Ketamine acts as an uncompetitive inhibitor of NMDA glutamate receptors (Martin and Lodge, 1985). NMDA receptor hypofunction is associated with the neurobiology and symptomatology of schizophrenia, while glutamatergic neurotransmission has been essentially related to cognitive function and neuroplasticity (Frohlich and Van Horn, 2014; Piva et al., 2021).
Post-mortem findings from patients with schizophrenia, as well as preclinical studies link the disease’s biological substrate with impaired expression of glutamate receptors (Meador-Woodruff and Healy, 2000; Mueller et al., 2004; Benesh et al., 2020), which, in turn, is regarded as an index of neuroplasticity (El-Gaamouch et al., 2012; Brakatselos et al., 2021; Piva et al., 2021). In parallel, NMDA receptor inhibitors, including KET, have been shown to affect neuroplastic indices in a plethora of experimental models; these neuroplastic effects involve changes in the glutamate receptor status in terms of expression, subunit composition, phosphorylation state, and downstream signaling (Anver et al., 2011; Kamiyama et al., 2011; McNally et al., 2011; Izumi and Zorumski, 2014; Widman and McMahon, 2018; Piva et al., 2021). In particular, ERK1/2 signaling is involved in NMDA receptors downstream processes, and plays a pivotal role in the integration of neurotransmission events, the regulation of synaptic plasticity, and cognitive functions (Sun and Nan 2017; Albert-Gascó et al., 2020), while preclinical and post-mortem studies associate abnormal ERK signaling with schizophrenia manifestation (Kyosseva 2003). Furthermore, KET has been shown to affect ERK signaling in brain regions associated with the biological substrate of schizophrenia (Ahn et al., 2006; Bharne et al., 2016; Nygard et al., 2017; Meng et al., 2020). Although there are many studies investigating the effects of acute or repeated KET administration (Becker et al., 2003; Trujillo et al., 2008; Nikiforuk and Popik, 2012; Sampaio et al., 2018), there is no consensus on a specific experimental pattern for approaching schizophrenia and linking symptomatology to neurobiology, while there is limited information concerning the impact of acute or repeated KET administration on neuroplasticity indices (Luo et al., 2020; Brakatselos et al., 2021; Piva et al., 2021).

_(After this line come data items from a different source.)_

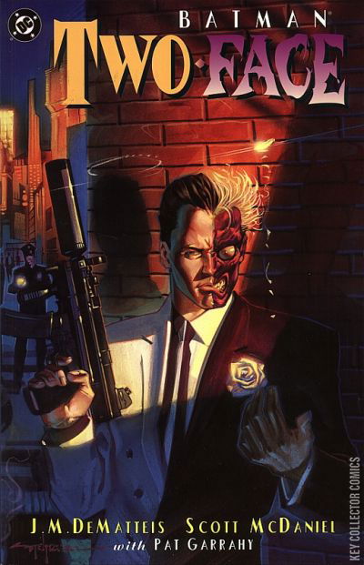 Two-Face: Crime and Punishment opens on a dark and stormy evening. Harvey Dent stands high above the city, prepared to jump to his death. Two-Face, his secondary personality, dares him, taunts him, teases that he's too much of a coward to take the plunge. Harvey flips his coin, letting chance decide his fate, and as it lands scarred side up, he leaps into the inky darkness of a Gotham night… It would seem that this is the end of the story, but it isn't. Immediately, we're slammed into a flashback. A look at Harvey Dent as a child with an abusive, alcoholic father whose inconsistent and violent behavior emotionally damaged his young son and started unraveling his sanity at an early age. Brought back to the present day, a similar child with a similar father and a similar outlook on life is being interviewed on a talk show. This is where the real story begins. Bursting into the studio, Two-Face takes the place hostage, angrily ranting on national television about the media spectacle surrounding the walking wounded. All the while, Harvey Dent, a passive observer of Two-Face's violent deeds, begs to be heard. Begs for mercy on behalf of the child. This encounter sets a tone for the rest of the book as Harvey Dent and Two-Face bitterly clash over the meaning of right and wrong, fair and unfair. As the story progresses, Harvey tracks down his long estranged father, the man who helped warp his mind and inadvertently set Two-Face on his path to villainy, and confronts him in front of all of Gotham, prepared to murder him before the eyes of millions on television. What follows is an emotionally potent one-two punch that forces the audience to sympathize with Harvey's plight and understand Two-Face's deepest motivations.
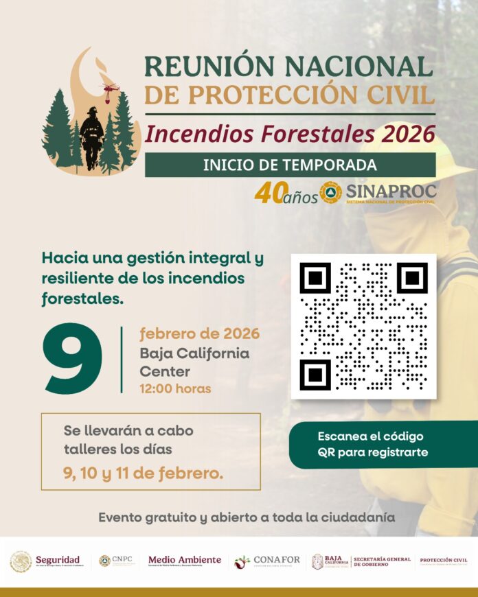 PLAYAS DE ROSARITO BC, 16 de enero de 2026.- En el marco del 40 aniversario de la creación de la Coordinación Nacional de Protección Civil (CNPC), Baja California tiene el honor de ser la entidad seleccionada para ser el estado anfitrión de la Reunión Nacional para la temporada de Incendios Forestales, por lo que la Coordinación Estatal de Protección Civil (CEPC) extiende una cordial invitación a brigadistas, cuerpos de emergencia y público en general al evento que será inaugurado el próximo 9 de febrero a las 12:00 p.m.
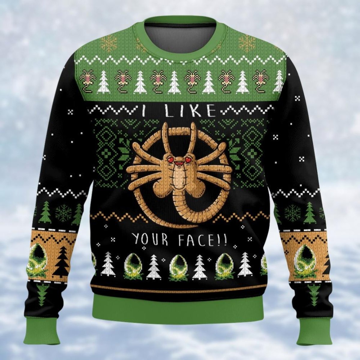 Alien Facehugger Green Christmas Ugly Sweater Sci Fi Monster Holiday Knit Jumper
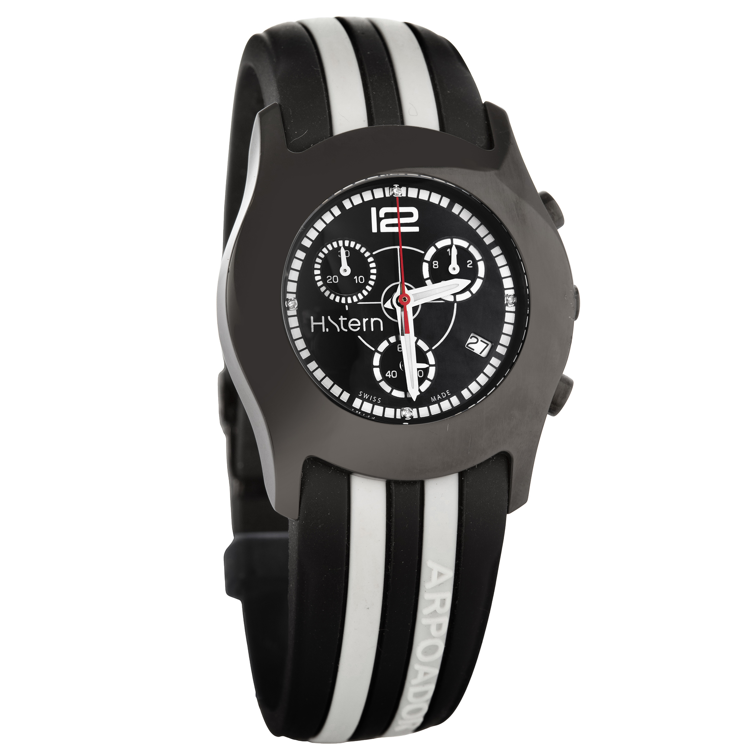 H. STERN. Relógio Arpoador de aço com detalhes, movimento quartzo, cronógrafo, calendário, vidro de safira, anos 90. Caixa 37mm. Pulseira de borracha 20cm.
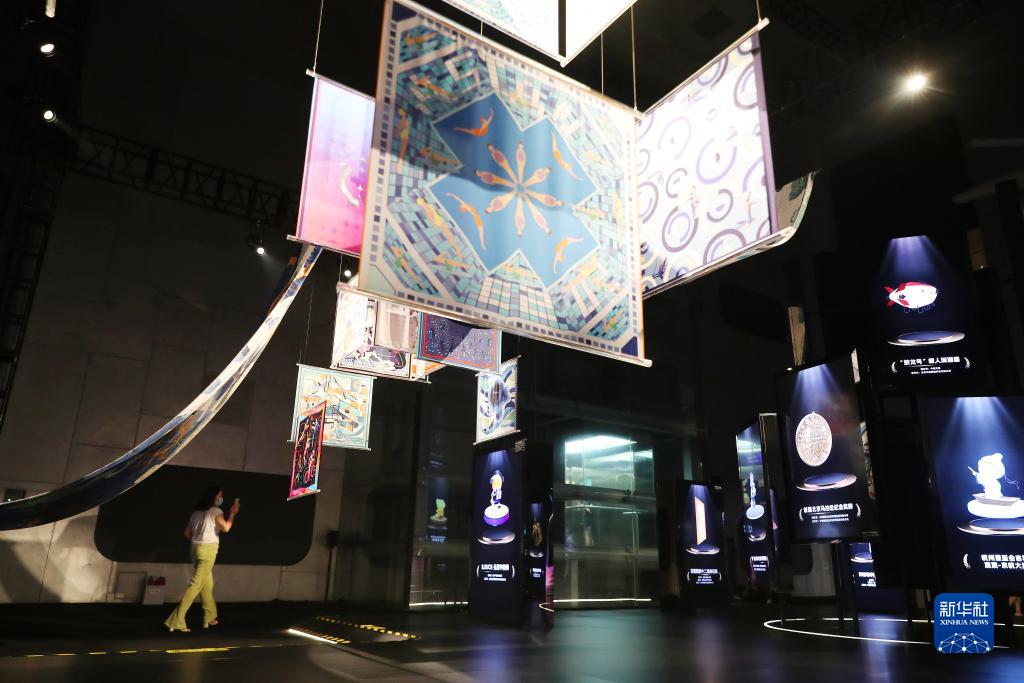9月7日,參觀者走在外灘大會展覽區(qū)數(shù)字藝術(shù)館內(nèi)。

Clinical studies have shown that cannabidiol (CBD), a non-addictive cannabis compound, ameliorates schizophrenia symptoms (Leweke et al., 2012; Leweke et al., 2016; Rohleder et al., 2016; McGuire et al., 2018). Several experimental studies support the anti-psychotic properties of CBD by investigating its potential to counteract/reverse behavioral and neurobiological abnormalities that mirror psychosis and schizophrenia (Long et al., 2012; Rohleder et al., 2016; Osborne et al., 2017; Hudson et al., 2019; Rodrigues da Silva et al., 2020). CBD has been also reported to modulate acute KET-induced effects on neurobiological neuroplastic indices (Brakatselos et al., 2021), while limited data have been published regarding the effect of CBD on KET-induced schizophrenia-like impairments (Kozela et al., 2020).

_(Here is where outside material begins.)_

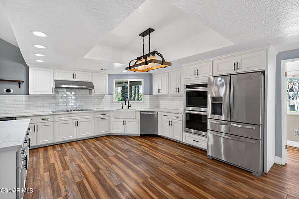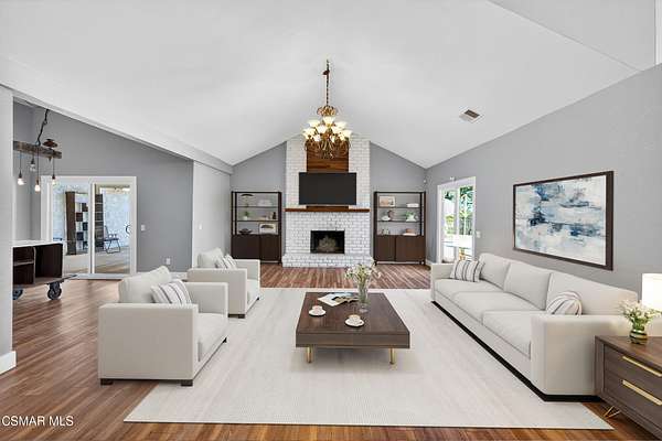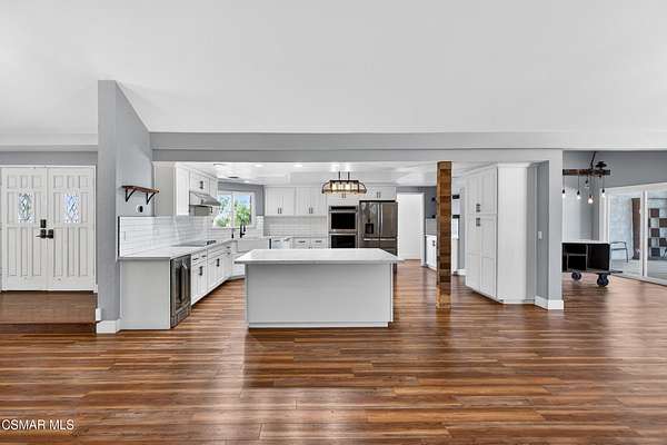 Welcome to this stunning 5-bedroom, 3-bath home in the highly desirable Woodcrest area! Situated on a sprawling, flat 1.8-acre lot, this exceptional property offers space, functionality, and endless possibilities. Beautifully updated kitchen featuring quartz countertops, a large farmhouse sink, ample cabinetry, and premium stainless steel appliances, including a wine fridge,KitchenAid double oven, dishwasher, and a Viking six-burner gourmet cooktop. Enjoy the built-in coffee bar and an inviting eat-in kitchen bar. The Primary offers an ensuite bathroom with a soaking tub and a walk-in shower with rain head. A downstairs bedroom provides flexibility for guests or multi-generational living. Step outside to your own private oasis--perfect for entertaining or relaxing--complete with a sparkling pool and spa, as well as a large covered patio. The expansive, flat lot provides ample space for RV parking, toy haulers, horses, or future additions. Additional highlights include a four-car garage with custom doors and epoxy flooring, whole-house water filtration system (installed within the past year), and numerous recent upgrades: new pool equipment (2025), new concrete and extended driveway, updated sidewalks and pad, dual electric water heaters (2025), and a brand-new septic system (2025). An RV dump station adds even more convenience. This exceptional property truly has it all--space, upgrades, and lifestyle! Don't Miss out!
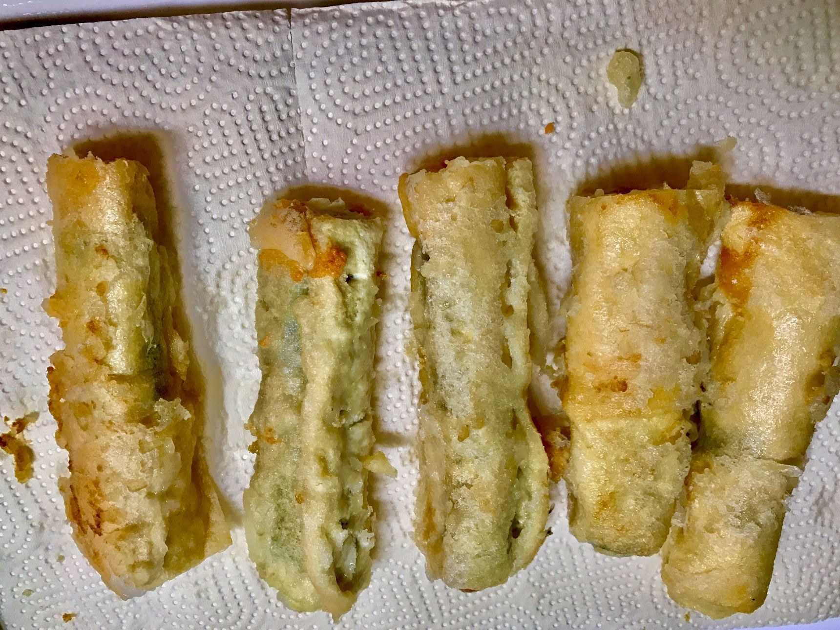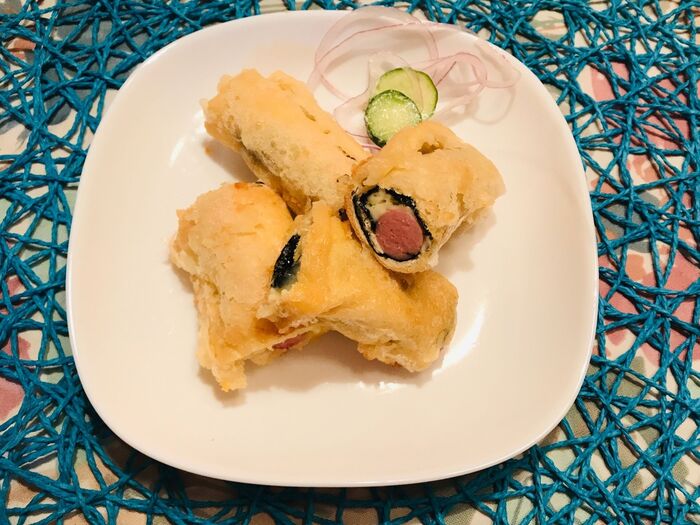 薄力粉に水を入れ衣を作り、中温でキツネ色になるまで揚げます。

Thus, in the present exploratory study first we aimed to define a repeated KET administration protocol that produces robust hyperlocomotion, a behavioral performance that has been widely used for psychosis modeling and evaluation of antipsychotic potential. Moreover, we focused to readout the glutamatergic status induced by KET-administrations, by estimating the protein expression levels of specific glutamate receptors, since ketamine is an uncompetitive NMDA inhibitor. In addition, we aimed to investigate the modulatory role of cannabidiol on the behavioral profile and the expression of glutamate receptors. In particular, our rationale includes the impact of CBD on KET-induced expression of NMDA and AMPA receptor subunits along with ERK1/2 phosphorylation state, in distinct rat brain regions involved in the pathophysiology of schizophrenia, such as the prefrontal cortex (PFC), nucleus accumbens (NAc), dorsal and ventral hippocampus (DH, VH).
Materials and Methods
Male 3-month-old Sprague-Dawley rats (n = 81) raised in the Animal Facility of the University of Ioannina (license № “EL33-BIObr01”) were housed in plastic cages (47.5 cm length × 20.5 cm height × 27 cm width), two per cage. The animals were maintained in a climate-regulated environment, under a 12-h light/dark cycle (lights on at 7:00 AM), with free access to food and water. All experiments took place during the light phase of the cycle.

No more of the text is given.